(Dataset items)
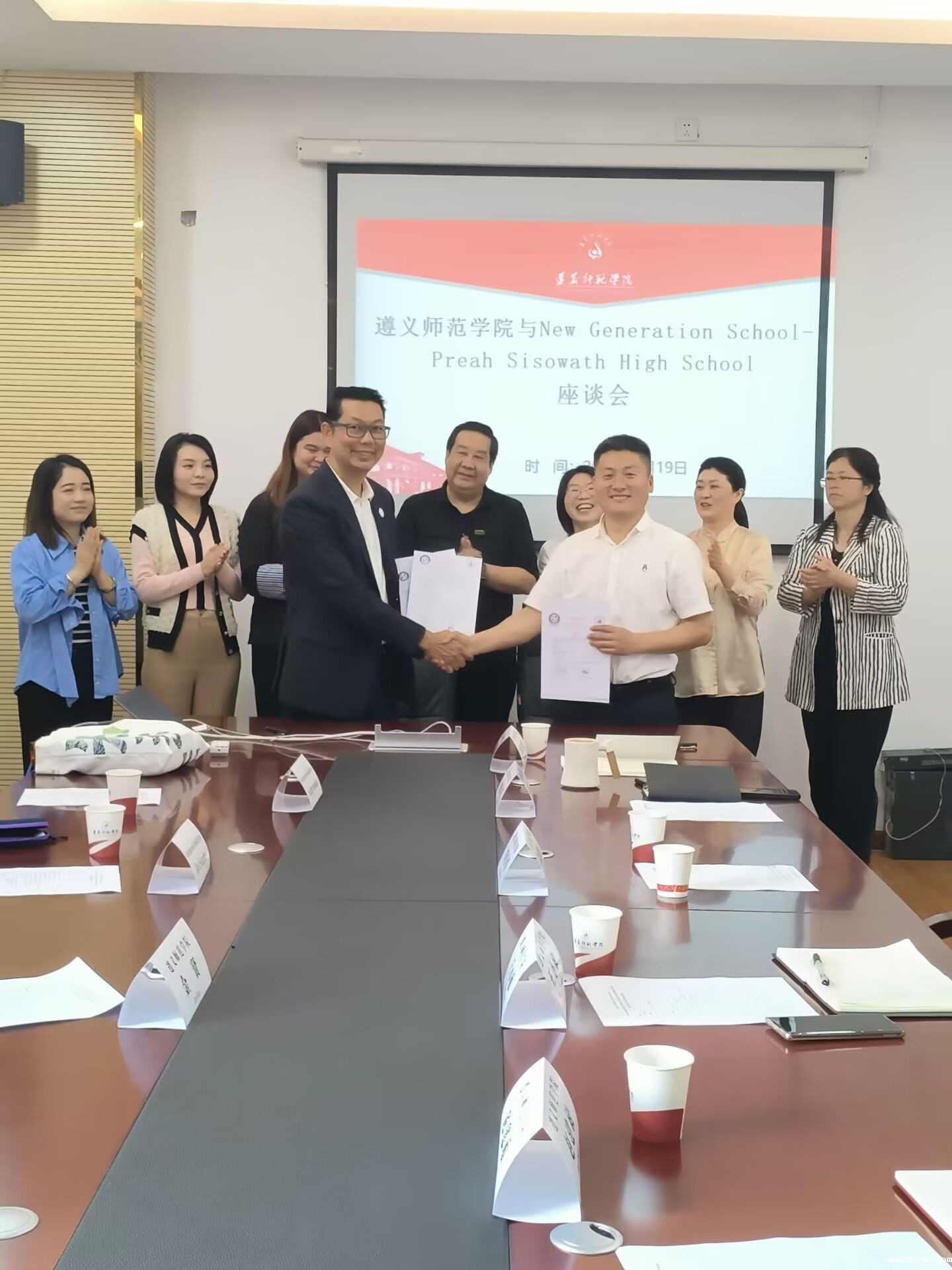 2025年5月19日上午,米兰体育中国官网网址与柬埔寨New Generation School-Preah Sisowath High School在执毓楼323会议室开展了交流合作座谈会。柬埔寨New Generation School-Preah Sisowath High School副校长一行、米兰体育中国官网网址副校长胡贵勇和国际教育学院全体教师参与了座谈。
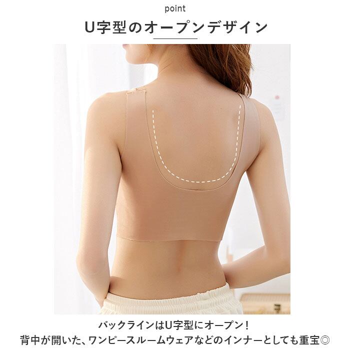 ・バックラインはU字型にオープン!背中が開いた、ワンピースルームウェアなどのインナーとしても重宝◎
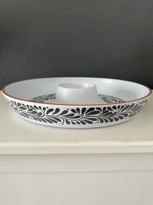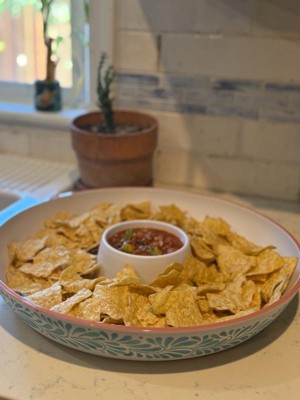 [This review was collected as part of a promotion.] This chip and dip tray is a total vibe, perfect for a fiesta or casual hangout. The standout retro orange floral design adds a playful pop of color, making it just as stylish as it is functional. T he wide outer ring is ideal for piling on tortilla chips (or veggies if you’re feeling virtuous), while the raised center bowl perfectly cradles a generous helping of guac, queso, or faux cheese dip. We used it for guacamole and corn chips, and it not only looked beautiful on the table but also kept everything neat and easy to grab. No spills, no soggy chips, just a balanced, snack-friendly setup.
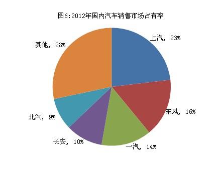 2012年,5家汽车生产企业(集团)产销规模超过100万,其中上汽销量突破400万辆,达到446.14万辆,东风、一汽、长安和北汽分别达到307.85万辆、264.59万辆、195.64万辆和169.11万辆。上述5家企业(集团)2012年共销售汽车1383.33万辆,占汽车销售总量的71.7%,汽车产业集中度同比提高0.5个百分点。(见附图6)
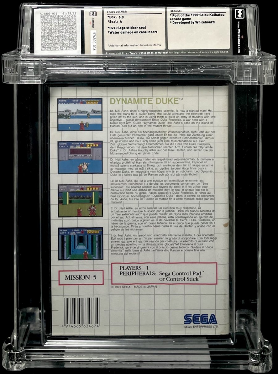 A Seal Rating; European Version; Oval Sega sticker seal; Water damage on case insert; Sega; Made in Japan;

- PROBLEM REQUIREMENTS:
Copy out the entries exactly as they stand, omitting the images.

- RESPONSE TO THE EXERCISE:
 2025年5月19日上午,米兰体育中国官网网址与柬埔寨New Generation School-Preah Sisowath High School在执毓楼323会议室开展了交流合作座谈会。柬埔寨New Generation School-Preah Sisowath High School副校长一行、米兰体育中国官网网址副校长胡贵勇和国际教育学院全体教师参与了座谈。
 ・バックラインはU字型にオープン!背中が開いた、ワンピースルームウェアなどのインナーとしても重宝◎
 [This review was collected as part of a promotion.] This chip and dip tray is a total vibe, perfect for a fiesta or casual hangout. The standout retro orange floral design adds a playful pop of color, making it just as stylish as it is functional. T he wide outer ring is ideal for piling on tortilla chips (or veggies if you’re feeling virtuous), while the raised center bowl perfectly cradles a generous helping of guac, queso, or faux cheese dip. We used it for guacamole and corn chips, and it not only looked beautiful on the table but also kept everything neat and easy to grab. No spills, no soggy chips, just a balanced, snack-friendly setup.
 2012年,5家汽车生产企业(集团)产销规模超过100万,其中上汽销量突破400万辆,达到446.14万辆,东风、一汽、长安和北汽分别达到307.85万辆、264.59万辆、195.64万辆和169.11万辆。上述5家企业(集团)2012年共销售汽车1383.33万辆,占汽车销售总量的71.7%,汽车产业集中度同比提高0.5个百分点。(见附图6)
 A Seal Rating; European Version; Oval Sega sticker seal; Water damage on case insert; Sega; Made in Japan;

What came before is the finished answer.